Your task:
Below is a listing; retype exactly the lines between the one containing "玄関へと続く階段の手すりは塗装が剥げて下地が見えていました。 | 屋根にも全体的に汚れが見られます。 |" and the one containing "Child Passenger Safety", inclusive, minus the pictures.

Information given:

■ ■ ■

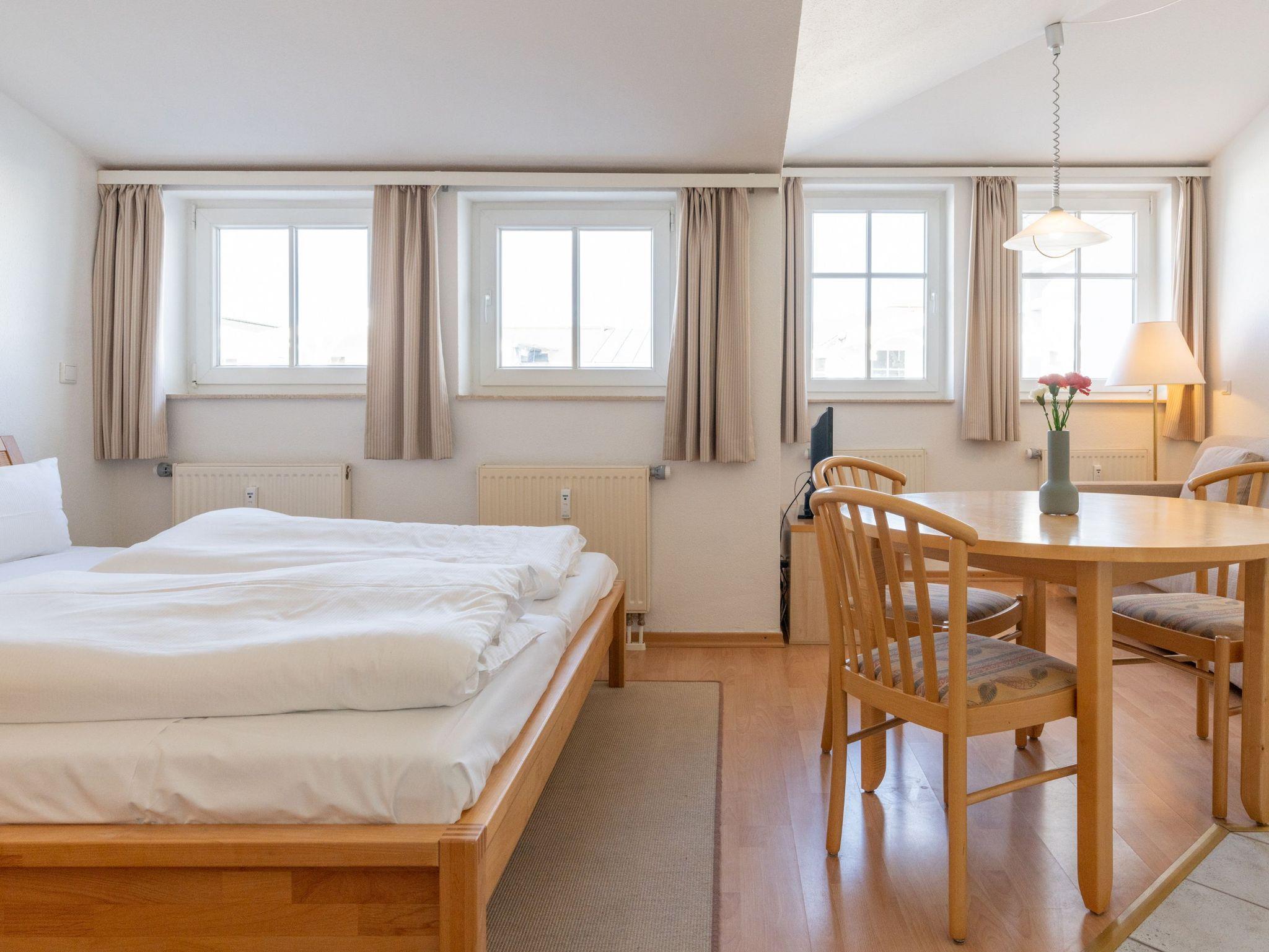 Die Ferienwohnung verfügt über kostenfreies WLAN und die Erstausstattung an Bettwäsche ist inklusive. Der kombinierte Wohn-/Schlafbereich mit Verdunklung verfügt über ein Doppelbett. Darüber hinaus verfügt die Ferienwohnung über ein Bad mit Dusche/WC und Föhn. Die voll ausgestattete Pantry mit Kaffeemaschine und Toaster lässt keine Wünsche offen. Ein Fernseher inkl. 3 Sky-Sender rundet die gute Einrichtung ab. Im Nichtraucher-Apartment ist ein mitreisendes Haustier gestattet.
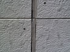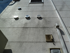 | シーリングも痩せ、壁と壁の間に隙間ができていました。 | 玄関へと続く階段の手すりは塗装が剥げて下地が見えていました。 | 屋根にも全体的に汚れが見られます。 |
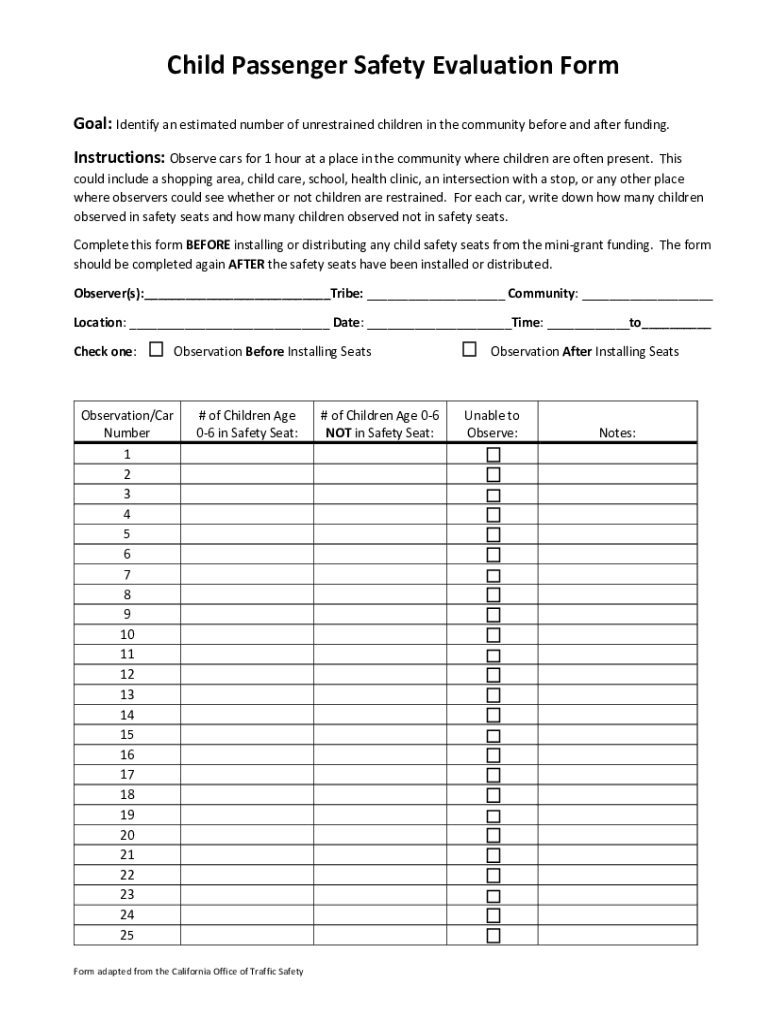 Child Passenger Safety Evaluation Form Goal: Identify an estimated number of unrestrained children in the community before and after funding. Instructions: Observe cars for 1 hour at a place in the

■ ■ ■

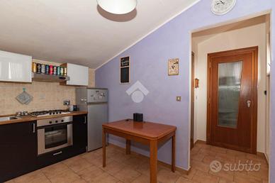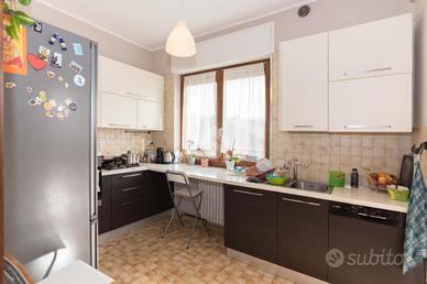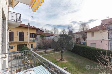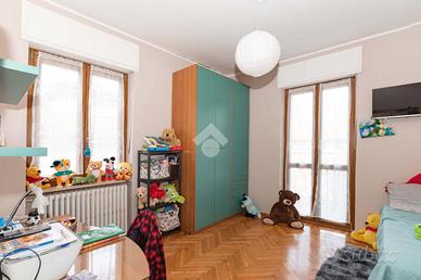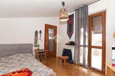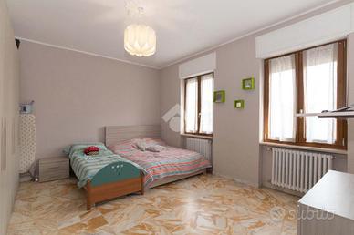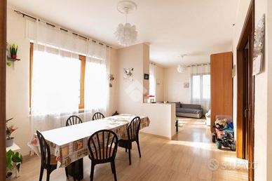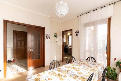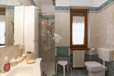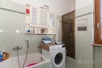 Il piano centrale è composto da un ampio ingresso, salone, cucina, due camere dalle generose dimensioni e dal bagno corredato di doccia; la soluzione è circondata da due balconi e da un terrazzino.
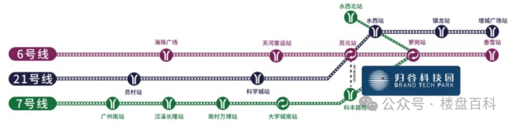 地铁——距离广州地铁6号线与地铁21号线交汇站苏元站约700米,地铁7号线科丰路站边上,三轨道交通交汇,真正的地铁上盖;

■ ■ ■

Output for this task:
 | シーリングも痩せ、壁と壁の間に隙間ができていました。 | 玄関へと続く階段の手すりは塗装が剥げて下地が見えていました。 | 屋根にも全体的に汚れが見られます。 |
 Child Passenger Safety Evaluation Form Goal: Identify an estimated number of unrestrained children in the community before and after funding. Instructions: Observe cars for 1 hour at a place in the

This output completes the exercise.